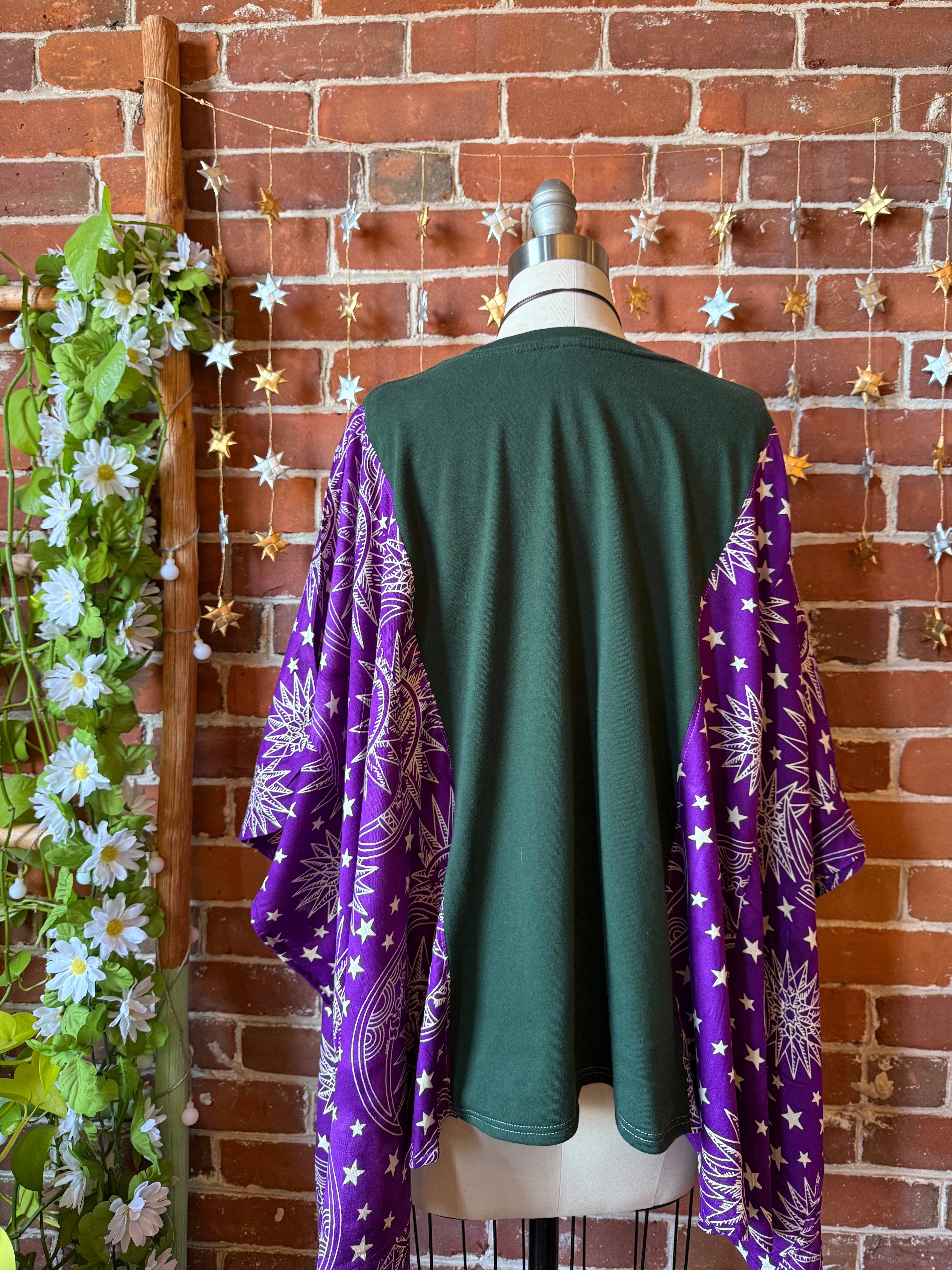 Upcycled top and flowy fabric on the sides
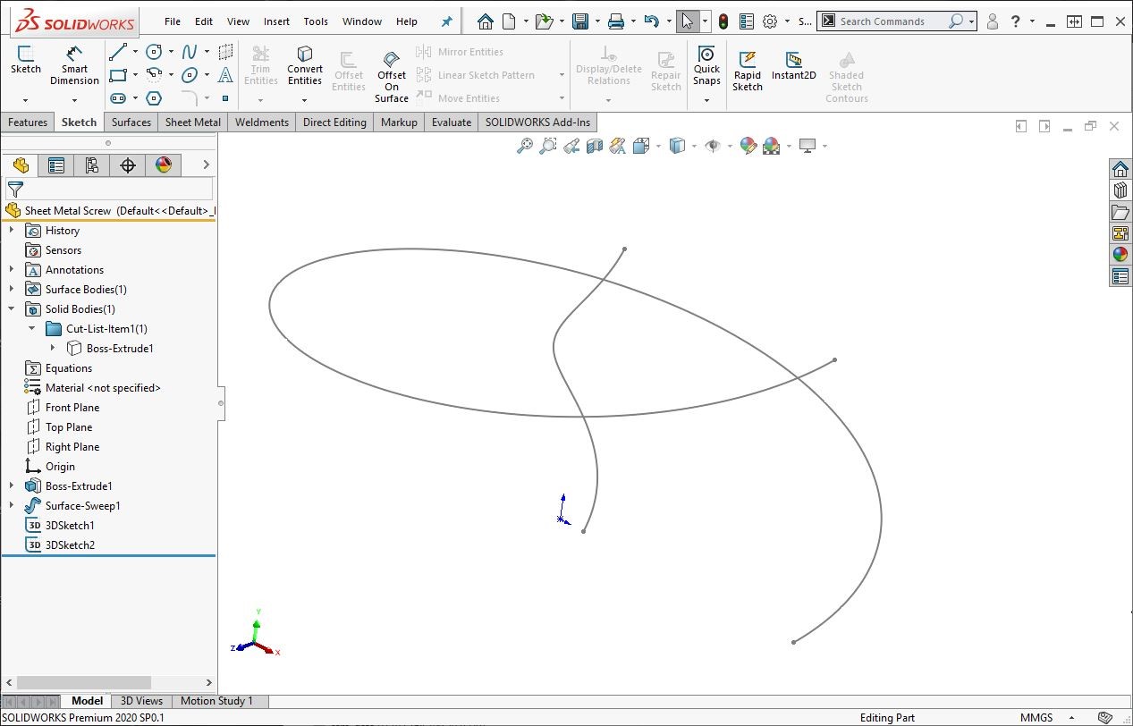 Once that is done for the other edge in a separate 3d sketch, we can hide the surface body and see what we have: -
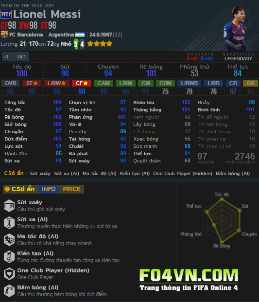 Vị trí chỉ định của Messi trong game là CF,RW và ST. Tuy nhiên bạn hoàn toàn có thể đặt Messi ở những vị trí như LW,CAM,LM,RM mà Messi vẫn hoàn thành tốt nhiệm vụ cũng như không bị hụt về chỉ số. OVR của Messi là 98 và khi lên lv5 là 102.
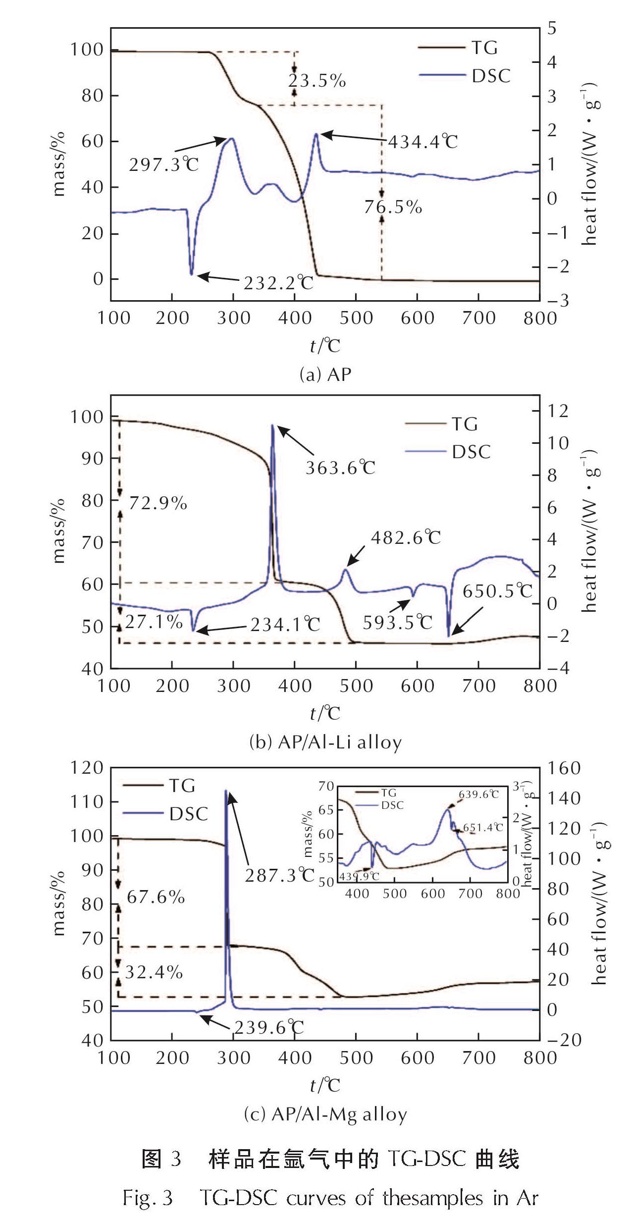 AP/铝锂合金和AP/铝镁合金样品在氩气中的TG-DSC曲线如图3(b)和(c)所示。对于AP/铝锂合金而言,在234.1℃左右观察到一个吸热峰,这是样品中AP晶型转变所导致的[22],此时AP由斜方晶型转为立方晶型。此后AP/铝锂合金样品的TG-DSC曲线上观察到了典型的AP分解的两阶段放热过程,低温分解阶段发生在363.6℃左右,样品中AP失重约为72.9%,放热量约为303.2J/g,高温分解阶段发生在482.6℃左右,样品中AP失重约为27.1%,放热量约为123.9J/g。在AP完全分解之后,样品的DSC曲线在593.5℃和650.5℃左右分别存在两个吸热峰,其中后者应该是样品中的铝相熔化吸热造成的。焦清介等[23]的研究表明,铝粉的加入对AP的低温放热峰有抑制作用,对高温放热分解反应有促进作用,且其低温分解阶段与高温分解阶段失重率和纯AP相差不大。根据图2(a),铝锂合金加热时,在415.2℃左右存在一个由于锂氧化反应所导致的放热峰,且样品质量增加,且其第一反应阶段与AP的分解阶段相重合,因此,在AP分解过程中,锂的存在起到了重要的作用。
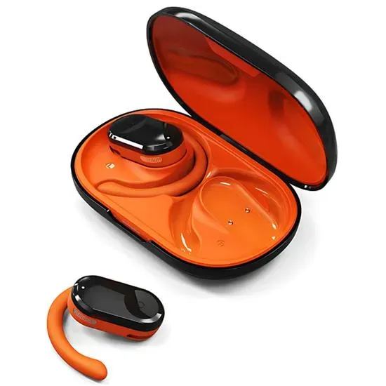 Un par de auriculares inalámbricos en un estuche naranja que te brindarán la libertad de disfrutar de tu música favorita sin enredos. Con un diseño moderno y compacto, estos auriculares son ideales para llevar a todas partes y disfrutar de un sonido de alta calidad.
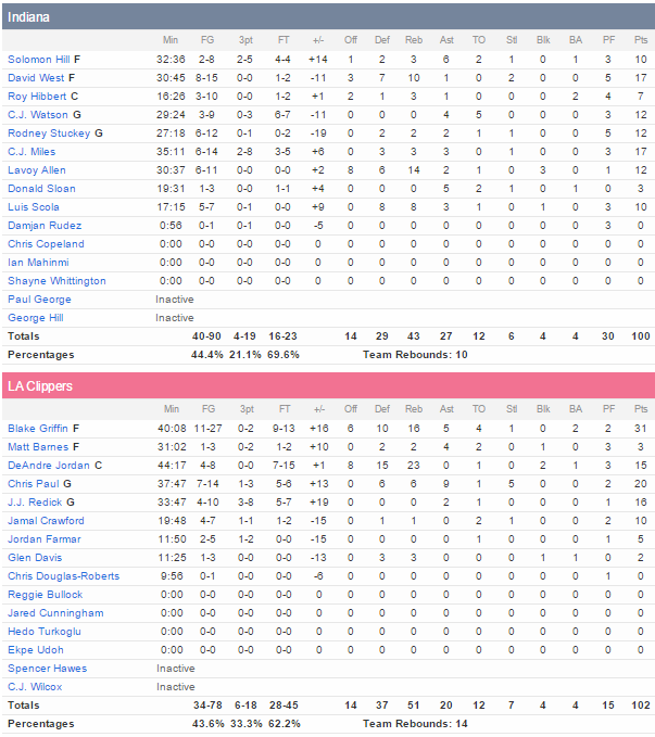 Après une première mi-temps très disputée (30-27 puis 52-51 pour les Clippers) les Clippers ont fait un mini-break en troisième quart (78-72) grâce à un gros quart de son trio mené par les 11 points de Blake Griffin. Les Pacers ont débuté le dernier quart par un 13-3 pour faire passer un déficit de 6 points en une avance de 85-81 avec moins de 9 minutes à jouer. Le souci c’est qu’ils n’ont mis que 3 paniers dans les dernières 5’38 du match et cela a fini par leur coûté le match. CJ Miles a donné 6 points d’avance aux siens sur un dunk avant que les Clippers ne répliquent par un 14-4 pour se positionner idéalement 97-93 avec 2’35 au chronomètre. Indiana s’est accroché avec un panier de Rodney Stuckey puis 3 lancers de CJ Watson qui ont réduit le score à 98-99 à 35 secondes du terme. Griffin a perdu le ballon sur l’action suivante mais Stuckey n’a pu donner l’avantage aux siens derrière, pousant les Pacers à faire faute et à envoyer JJ Redick sur la ligne. Il a mis les deux et derrière Watson a marqué avec 3.4 secondes à jouer. Avec un seul lancer marqué sur deuxpar Redick les Pacers ont eu une dernière chance mais le trois points au buzzer de CJ Miles a rebondi sur l’arceau.
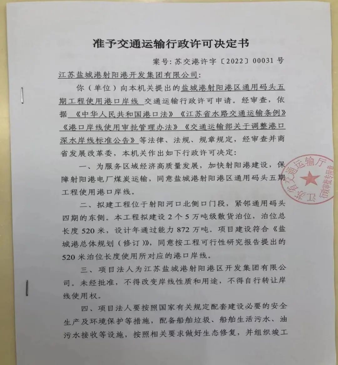 9月16日,盐城港射阳港区通用码头五期工程岸线取得江苏省交通运输厅正式批复。截至目前,该项目前期工可报告、稳评、通航安全技术报告、防洪评价、岸线全部通过批复,这标志着项目开工正式迈入“快车道”。
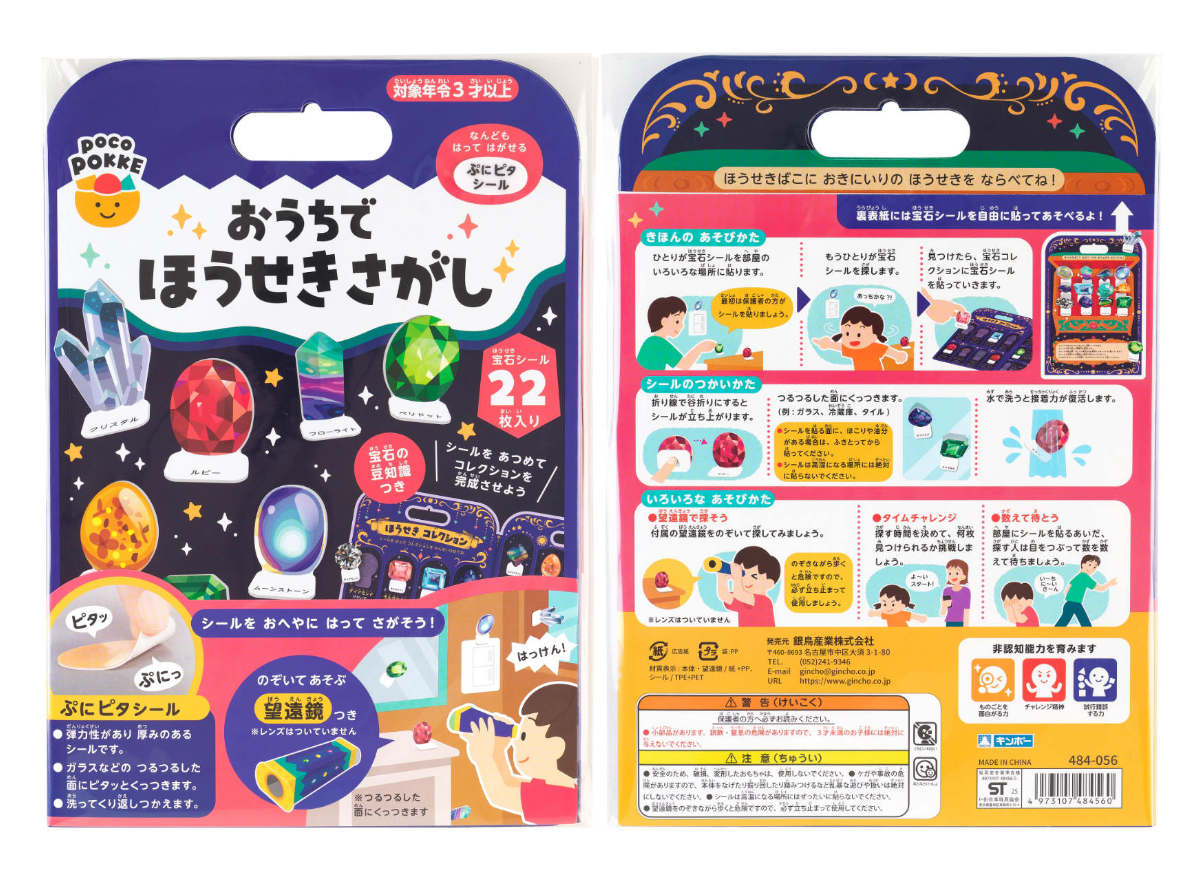 パパやママがお部屋の好きなところに、宝石シールを貼ります。お子様は、付属の望遠鏡で宝石を探します。見つけたら、宝石コレクションに宝石シールを貼って遊びます。親子・兄弟姉妹で、探す時間を決めて何個見つけられるかタイムチャレンジをして遊ぶのもおすすめです。
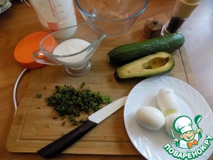 Для салата яйца варим вкрутую. Готовим всё, что пригодится. Авокадо разрезаем и вынимаем косточку, сбрызгиваем лимонным соком, чтобы быстро не потемнело. Ещё я для этого использую керамический нож, от обычного оно быстро темнеет. Зелень мелко рубим. В соусник помещаем йогурт. Йогурт на козьем молоке у меня получился почки греческий.

### Aim of the task
Go through the listing above and write it all out exactly, leaving out any picture.

### Answer to this problem
 Upcycled top and flowy fabric on the sides
 Once that is done for the other edge in a separate 3d sketch, we can hide the surface body and see what we have: -
 Vị trí chỉ định của Messi trong game là CF,RW và ST. Tuy nhiên bạn hoàn toàn có thể đặt Messi ở những vị trí như LW,CAM,LM,RM mà Messi vẫn hoàn thành tốt nhiệm vụ cũng như không bị hụt về chỉ số. OVR của Messi là 98 và khi lên lv5 là 102.
 AP/铝锂合金和AP/铝镁合金样品在氩气中的TG-DSC曲线如图3(b)和(c)所示。对于AP/铝锂合金而言,在234.1℃左右观察到一个吸热峰,这是样品中AP晶型转变所导致的[22],此时AP由斜方晶型转为立方晶型。此后AP/铝锂合金样品的TG-DSC曲线上观察到了典型的AP分解的两阶段放热过程,低温分解阶段发生在363.6℃左右,样品中AP失重约为72.9%,放热量约为303.2J/g,高温分解阶段发生在482.6℃左右,样品中AP失重约为27.1%,放热量约为123.9J/g。在AP完全分解之后,样品的DSC曲线在593.5℃和650.5℃左右分别存在两个吸热峰,其中后者应该是样品中的铝相熔化吸热造成的。焦清介等[23]的研究表明,铝粉的加入对AP的低温放热峰有抑制作用,对高温放热分解反应有促进作用,且其低温分解阶段与高温分解阶段失重率和纯AP相差不大。根据图2(a),铝锂合金加热时,在415.2℃左右存在一个由于锂氧化反应所导致的放热峰,且样品质量增加,且其第一反应阶段与AP的分解阶段相重合,因此,在AP分解过程中,锂的存在起到了重要的作用。
 Un par de auriculares inalámbricos en un estuche naranja que te brindarán la libertad de disfrutar de tu música favorita sin enredos. Con un diseño moderno y compacto, estos auriculares son ideales para llevar a todas partes y disfrutar de un sonido de alta calidad.
 Après une première mi-temps très disputée (30-27 puis 52-51 pour les Clippers) les Clippers ont fait un mini-break en troisième quart (78-72) grâce à un gros quart de son trio mené par les 11 points de Blake Griffin. Les Pacers ont débuté le dernier quart par un 13-3 pour faire passer un déficit de 6 points en une avance de 85-81 avec moins de 9 minutes à jouer. Le souci c’est qu’ils n’ont mis que 3 paniers dans les dernières 5’38 du match et cela a fini par leur coûté le match. CJ Miles a donné 6 points d’avance aux siens sur un dunk avant que les Clippers ne répliquent par un 14-4 pour se positionner idéalement 97-93 avec 2’35 au chronomètre. Indiana s’est accroché avec un panier de Rodney Stuckey puis 3 lancers de CJ Watson qui ont réduit le score à 98-99 à 35 secondes du terme. Griffin a perdu le ballon sur l’action suivante mais Stuckey n’a pu donner l’avantage aux siens derrière, pousant les Pacers à faire faute et à envoyer JJ Redick sur la ligne. Il a mis les deux et derrière Watson a marqué avec 3.4 secondes à jouer. Avec un seul lancer marqué sur deuxpar Redick les Pacers ont eu une dernière chance mais le trois points au buzzer de CJ Miles a rebondi sur l’arceau.
 9月16日,盐城港射阳港区通用码头五期工程岸线取得江苏省交通运输厅正式批复。截至目前,该项目前期工可报告、稳评、通航安全技术报告、防洪评价、岸线全部通过批复,这标志着项目开工正式迈入“快车道”。
 パパやママがお部屋の好きなところに、宝石シールを貼ります。お子様は、付属の望遠鏡で宝石を探します。見つけたら、宝石コレクションに宝石シールを貼って遊びます。親子・兄弟姉妹で、探す時間を決めて何個見つけられるかタイムチャレンジをして遊ぶのもおすすめです。
 Для салата яйца варим вкрутую. Готовим всё, что пригодится. Авокадо разрезаем и вынимаем косточку, сбрызгиваем лимонным соком, чтобы быстро не потемнело. Ещё я для этого использую керамический нож, от обычного оно быстро темнеет. Зелень мелко рубим. В соусник помещаем йогурт. Йогурт на козьем молоке у меня получился почки греческий.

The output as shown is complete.